If a story is simply a device that moves the plot seamlessly along the film’s various waypoints, and not shorthand for allegory or subtext, then Fulci triumphs in those stakes too. The bare bones of the plot, a bubbling gumbo of 19th Century colonial romp, HG Wells’ The Island Of Doctor Moreau, and, of course, Night Of The Living Dead, is neat enough. When a boat belonging to Anne Bowles (Tisa Farrow)’ scientist father washes up in New York, filled with rotting food and a cop-killing corpse, she and reporter Peter West (Survivors‘ and Zombie Holocaust‘s Ian McCulloch) set off for the island of Matool – his last known whereabouts, enlisting the help and boat of Bryan Curt (The Black Cat and The Beyond‘s Al Cliver) and Susan Barrett (Auretta Gay). On Matool they discover an island in the grip of a mysterious infection, and the supremely shifty Doctor David Menard (Lara Croft: Tomb Raider‘s Richard Johnson ) running a clinic in a mission – the dead rise, and zombie flesh-eating ensues.

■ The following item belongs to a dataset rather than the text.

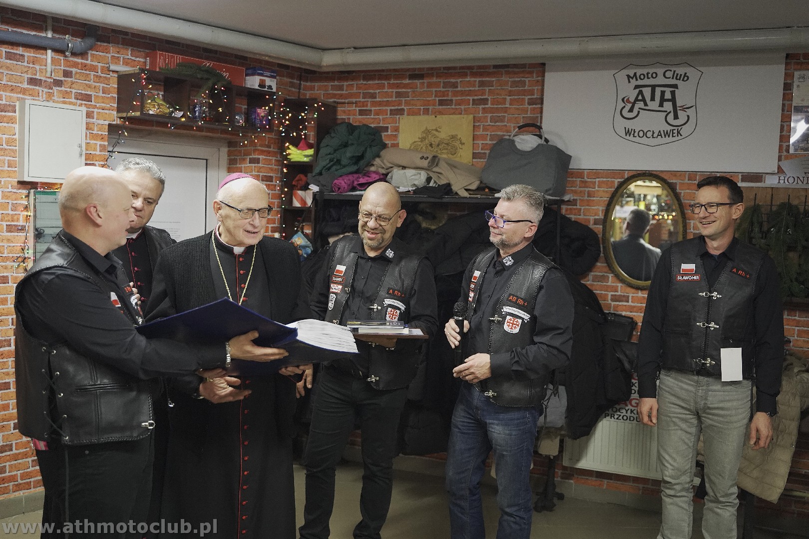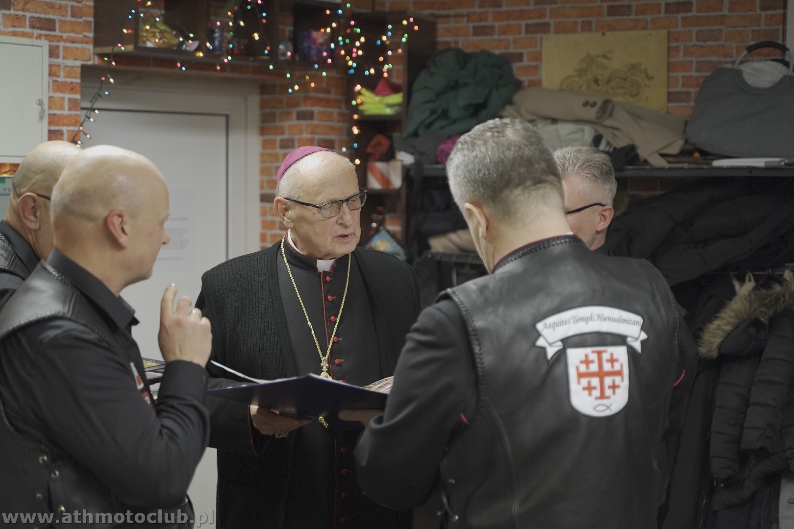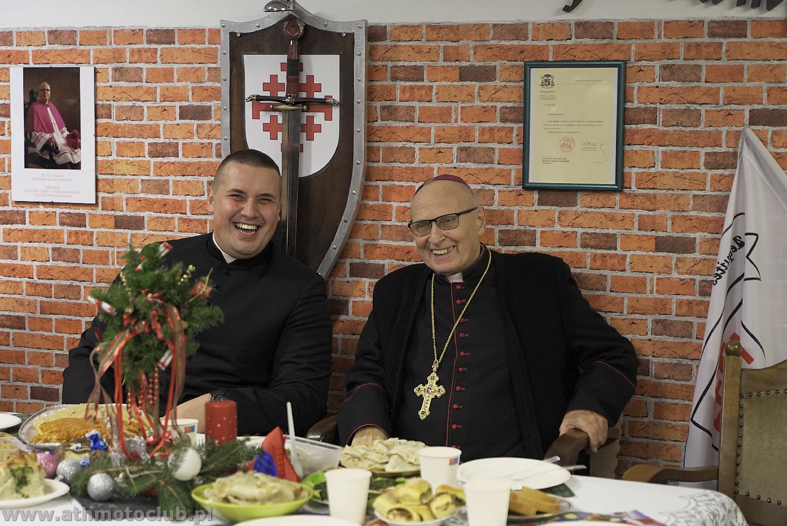 Wyjątkowym a jednocześnie tradycyjnym akcentem tegorocznej wigilii była wizyta honorowego Generała ATH – Jego Ekscelencji Księdza Biskupa Seniora Wiesława Alojzego Meringa, który od wielu lat darzy nas motocyklistów życzliwością i serdecznym słowem. Biskup Mering, na zaproszenie klubu, zaszczycił wigilię swoją obecnością, dzieląc się krótkim słowem duszpasterskim o znaczeniu wspólnoty, przyjaźni i pokoju i Boga w codziennym życiu każdego człowieka.

It’s easy to see contrivances around every corner, if you’re so inclined – the crew pulling over so Susan can enjoy a gratuitously topless scuba dive and witness that iconic zombie/shark title bout doesn’t exactly add anything to the plot, but it doesn’t take away from it, and it looks absolutely stunning to boot. Similarly, we’re introduced to Menard’s highly strung wife Paola (Olga Karlatos) purely so we can rub our trousers Vic Reeves-style as she showers away the unease of her husband’s misdeeds, and then endure a cadaverous home invasion culminating in that other headline set-piece – the agonisingly slow eye gouging, the whole shot framed discomfortingly close to her face, complete with POV as the wood splinter closes in. It doesn’t give us anything meaningful about consumerism to chew over – although you’re welcome to project your own post-colonial creed onto this tale of a white doctor experimenting on hapless islanders, who in turn rise from the grave to exact their revenge – but is fantastic fun.

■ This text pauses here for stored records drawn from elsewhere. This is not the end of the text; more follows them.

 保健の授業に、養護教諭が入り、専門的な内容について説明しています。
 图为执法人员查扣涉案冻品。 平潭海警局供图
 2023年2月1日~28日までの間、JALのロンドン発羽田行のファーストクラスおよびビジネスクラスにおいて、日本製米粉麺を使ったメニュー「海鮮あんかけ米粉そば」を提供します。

The HD transfer and restoration is so crisp and cinematic that it makes the previous DVD edition look like your mate’s wobbly smartphone clip of a lairy night out. There’s a barrage of extras and commentary, but the trinity of highlights are the documentary devoted to the unlikely exploitation career of Ian McCulloch, a tour around the workshop of FX guro Gino de Rossi and an extensive overview of Italian zombie and cannibal movies. That they use Graham Humphreys’ art from the recent Death Waltz Records vinyl soundtrack is the kitemark of quality that tops the whole package off.

Sure, Dawn Of The Dead might be the one you wrote your easy thesis on, but Zombie Flesh Eaters is the one you watch – thanks to this high-end HD release – over again.